Quali le pratiche conseguenti rispetto a tali presupposti teorici? A mio parere, vi è bisogno di un nuovo associazionismo finalizzato a quell’obiettivo. La singola comunità immigrata dovrebbe costituirsi in organismi territoriali, legalmente riconosciuti, che non siano né sotto il protettorato delle Parrocchie né sotto quello dei partiti e non abbiano soltanto finalità assistenziali ancorché ampliate fino alla necessaria tutela giuridica (e/o finalità di svago, sportive ecc.), ma si prefiggano di incrementare nei soci la conoscenza e, direi, l’amore della cultura nativa, aprendosi nello stesso tempo al confronto con gruppi o con singole competenze capaci di rappresentare, a un livello possibilmente elevato, il patrimonio civile e culturale del paese ospitante. Direi che la reciprocità cui accennavo prima potrebbe avvalersi di alcune pratiche più duttili riguardanti, per esempio, le famiglie dei ragazzi italiani che frequentano le scuole: quelle famiglie sarebbero invitate periodicamente ad ascoltare rappresentanti qualificati delle comunità ospitate e potrebbero in tal modo acquisire di prima mano elementi di conoscenza delle identità altrui al riparo da vieti pregiudizi o da ogni “velo di ignoranza”.

Ho accennato, nell’iniziare questi ragionamenti, alla critica parallela, che nel libro di Leghissa è presentata, dei Cultural Studies e dei Gender Studies.
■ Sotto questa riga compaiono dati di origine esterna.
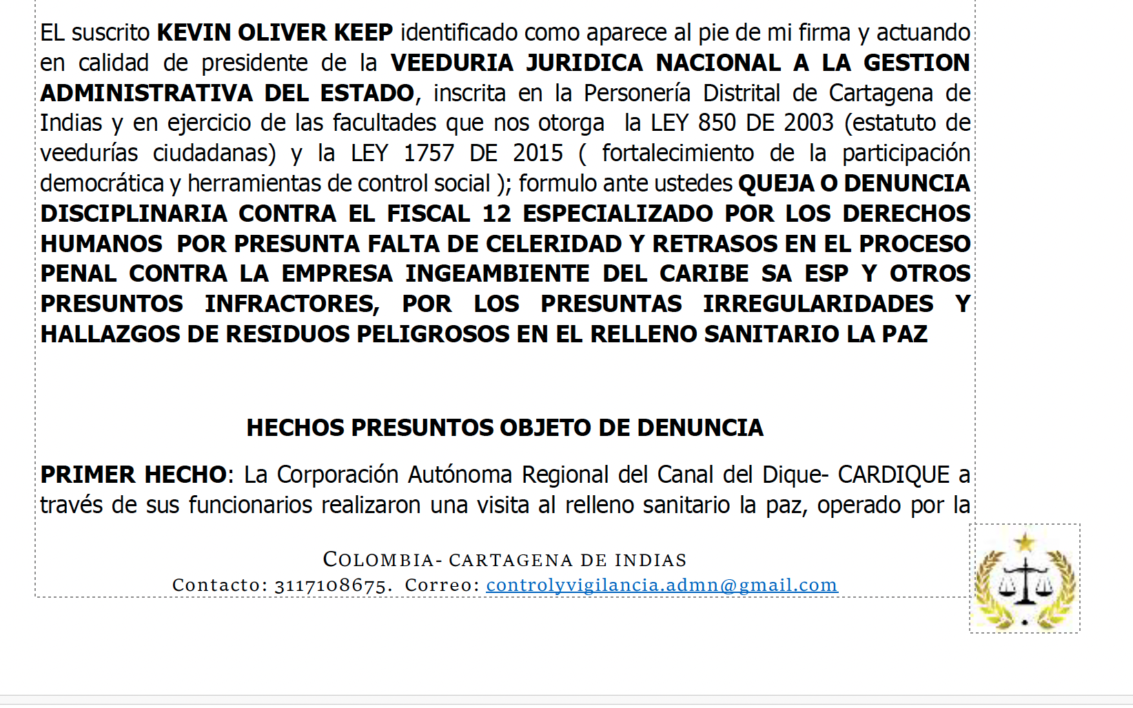 “Formulo ante ustedes queja o denuncia disciplinaria contra el Fiscal 12 especializado por los derechos humanos  por presunta falta de celeridad y retrasos en el proceso penal contra la empresa Ingeambiente del Caribe SA. ESP y otros presuntos infractores, por los presuntas irregularidades y hallazgos de residuos peligrosos en el relleno sanitario la paz”.
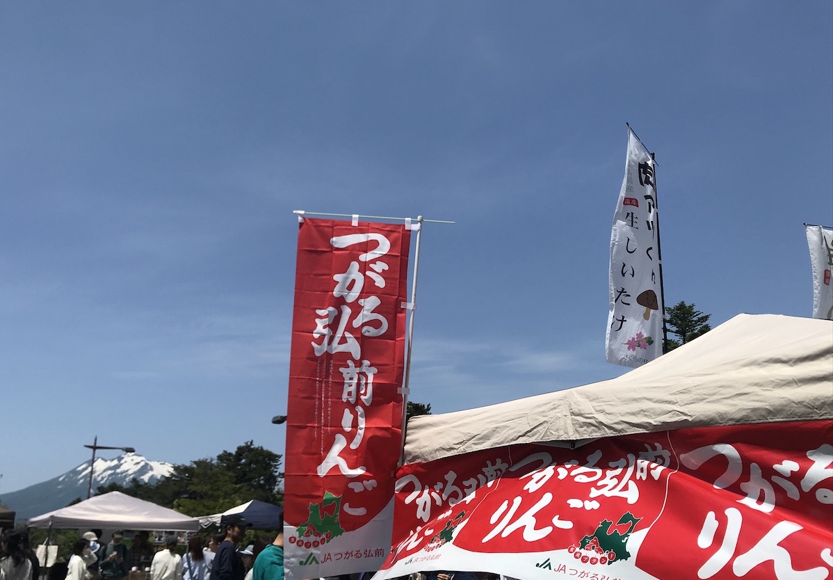 津軽の特産品といえば、りんご! つがる弘前りんごの販売も行われていました。青空の向こうには、津軽富士と呼ばれる岩木山が見えました。
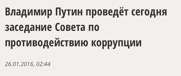 ...Россия вряд ли сегодня-завтра добьется ярких побед в борьбе с коррупцией, заявил президент России Владимир Путин на заседании президентского антикоррупционного совета, передает РИА «Новости».
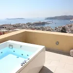 Az Ermúpoli városi hotel szobákat kínál tornáccal, klímaberendezéssel, valamint síkképernyős műholdas TV-vel. Továbbá laptop méretű széf, mini hűtőszekrénybár is biztosított. Bidé és külön WC, valamint olyan kényelmi szolgáltatások, mint a fürdőlepedők és papucsok, szintén biztosítottak. Ezek a szobák városra néző kilátást kínálnak.
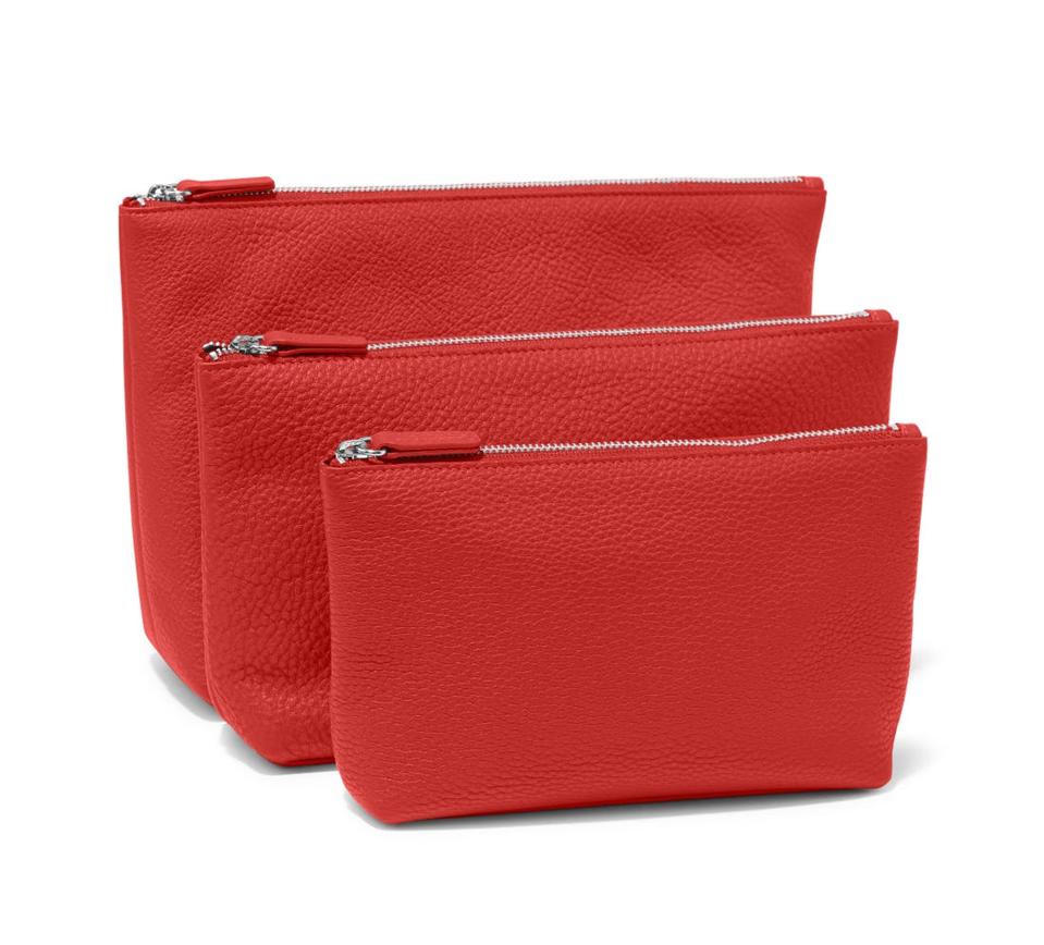 Sometimes you don’t need to carry all your essentials and sometimes you do. This set of luxe grainy leather pouches makes it simple to organize items by any system you like—whether you group by type (makeup, medicines) or needs (travel, everyday).
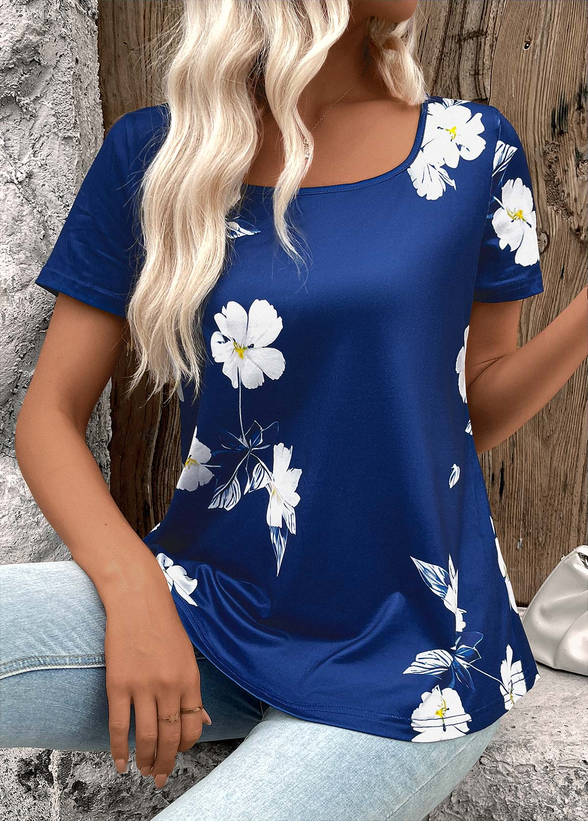 SALE Floral Print Dark Blue Short Sleeve T Shirt Rosewe®
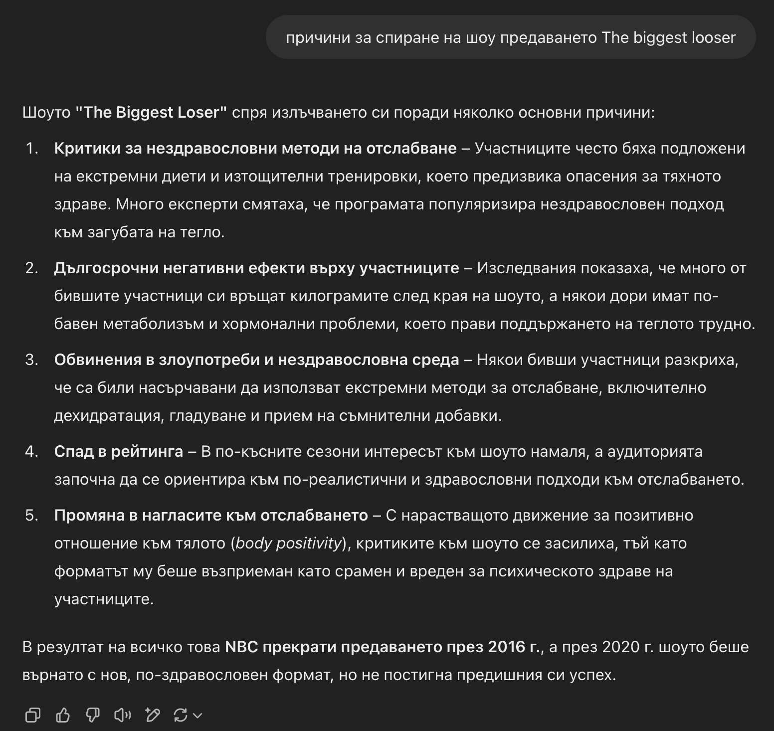 Много е спорно какво е провалено предаване в световен мащаб. Предаване с цели 17 сезона се счита за успешно. В другите държави и Биг Брадър е спряно и има много критика, а у нас процъфтява. Звезди станаха участниците тази година. Аз въобще не очаквах, мислех, че му мина модата. Ергенът също си върви, нищо, че не постига ефекта да има двойки накрая.
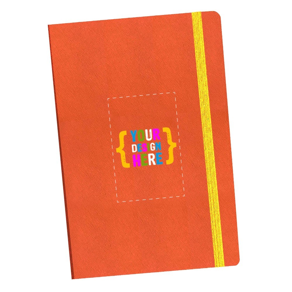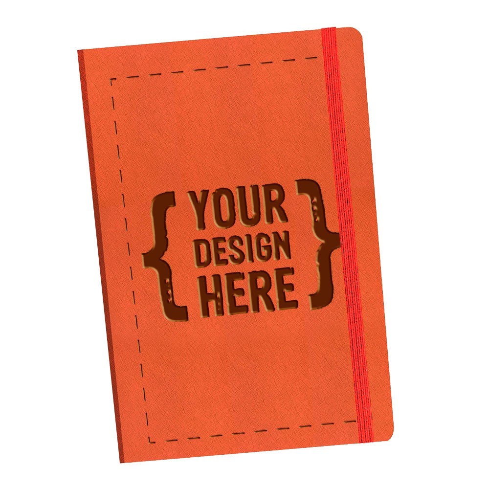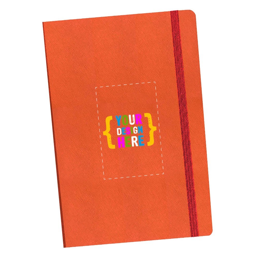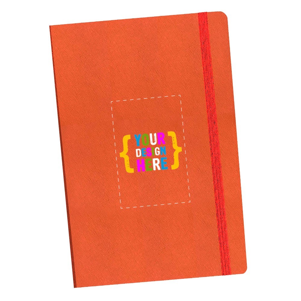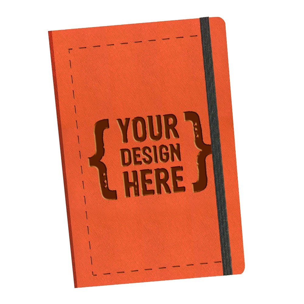 Siempre en stock, este diario de 5.5" x 8.5", viene con cuero vegano de calidad, selección de banda elástica, combinado con línea o interior en blanco. Área de impresión: Portada completa.
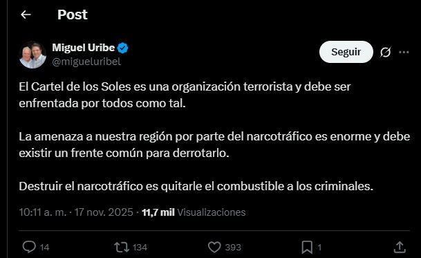 El precandidato presidencial colombiano, Miguel Uribe Londoño, reafirmó este lunes 17 de noviembre su apoyo a la declaración que prepara el gobierno de EEUU, mediante el secretario de Estado, Marco Rubio, para catalogar al Cartel de los Soles como organización terrorista extranjera.
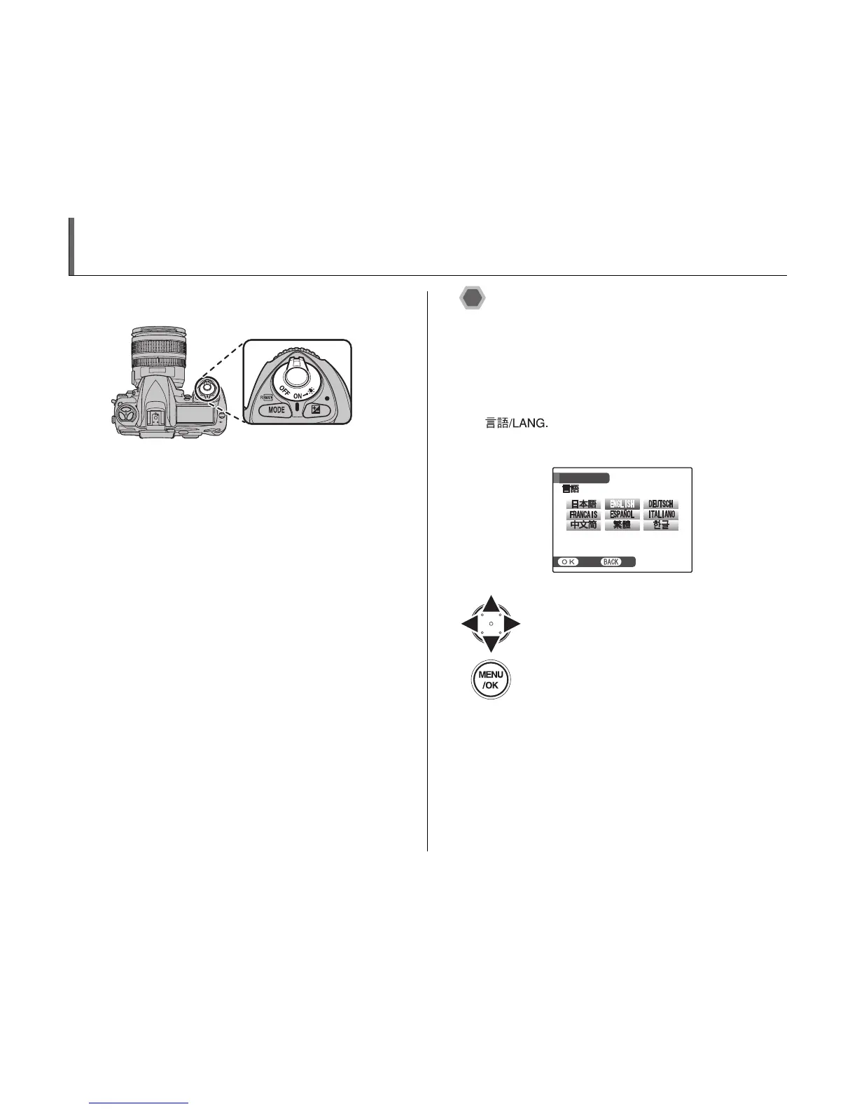 Set the power switch to ON to turn the camera on.
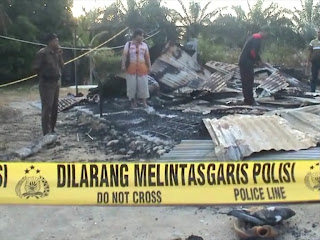 Rumah Rosidin di Desa Kota Garo, Kecamatan Tapung Hilir, Kampar musnah dilalap api, Rabu (15/6). Kebakaran menyisakan puing-puing bangunan dan rongsokan besi. Rosidin mengaku gagal menyelamatkan harta benda. Saat kejadian, ia terlambat memadamkan api sehingga kebakaran menghanguskan seluruh isi rumah dan mobilnya, termasuk uang upah petani Rp150 juta.
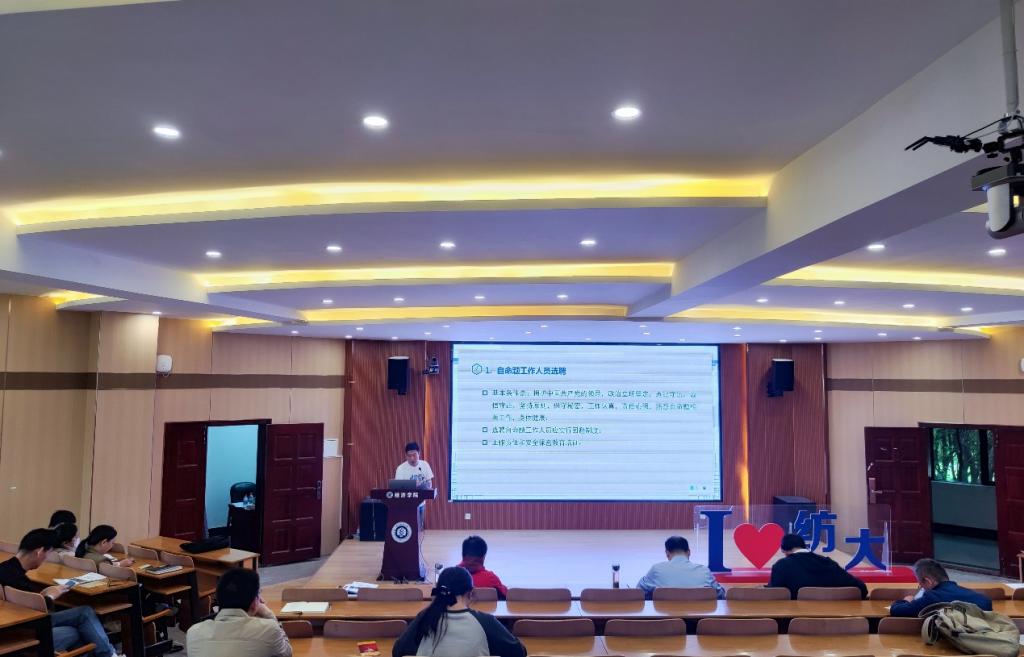 学院副院长王滨在会上宣讲了关于开展武汉纺织大学硕士研究生入学考试自命题培训工作的通知。他首先指出,根据《武汉纺织大学硕士研究生入学考试自命题管理办法》自命题培训工作主要内容包括三个方面:自命题工作人员选聘、试题定制和评卷。

Mi limito qui a osservare che, anche nel rapporto tra i sessi, vi è stato un passaggio storico significativo: il passaggio da una lunga epoca più accentuatamente patriarcale, nella quale gli uomini, la cui vita attiva si svolgeva principalmente fuori casa, entravano o rientravano in casa da padroni e come colonizzatori nei confronti delle donne, a una fase più recente nella quale si avverte un’apparente inversione, perché le donne, in numero crescente, “migrano” nei luoghi di lavoro che erano e sono appannaggio precipuo degli uomini, ma vi si introducono (appunto) come “migranti”, cioè conservando nella maggior parte dei casi uno statuto, e talvolta anche un complesso, di inferiorità. Aggiungo che vale anche per la questione sessuale il criterio della gramsciana doppia sintesi virtuosa: la “differenza” dovrà approdare, non a un nuovo dualismo metafisico o meta-psichico o meta-biologistico, ma alla reciproca accoglienza nella pari dignità del femminile e del maschile.

La doppia sintesi virtuosa è anche nei voti dell’ambientalismo intelligente. Il rapporto tra gli umani e la natura, “snaturato”, specialmente dal tardo capitalismo, in un distruttivo e auto-distruttivo rapporto di dominio, dovrebbe invece dar luogo alle due distinte sintesi alle quali pensava il giovane Marx: “umanizzazione della natura e naturalizzazione degli umani”. Il comunismo di fine XXI secolo darà attuazione alla formula giovane-marxiana, conferendo lo statuto di beni comuni su scala planetaria, pianificati e garantiti in forme di autogoverno civile, ai frutti della ricerca scientifica o culturale in genere, da un lato, e alle più vitali risorse naturali, sull’altro versante?

Per la lotta di classe, invece, non può esservi una reale riconciliazione. Essa è lotta tra opposti antagonistici. Vi può essere una tentata sintesi conservatrice (la gramsciana “rivoluzione passiva”) o una sintesi rivoluzionaria a pieno titolo. O l’una o l’altra. Le due sintesi non possono “stare insieme”.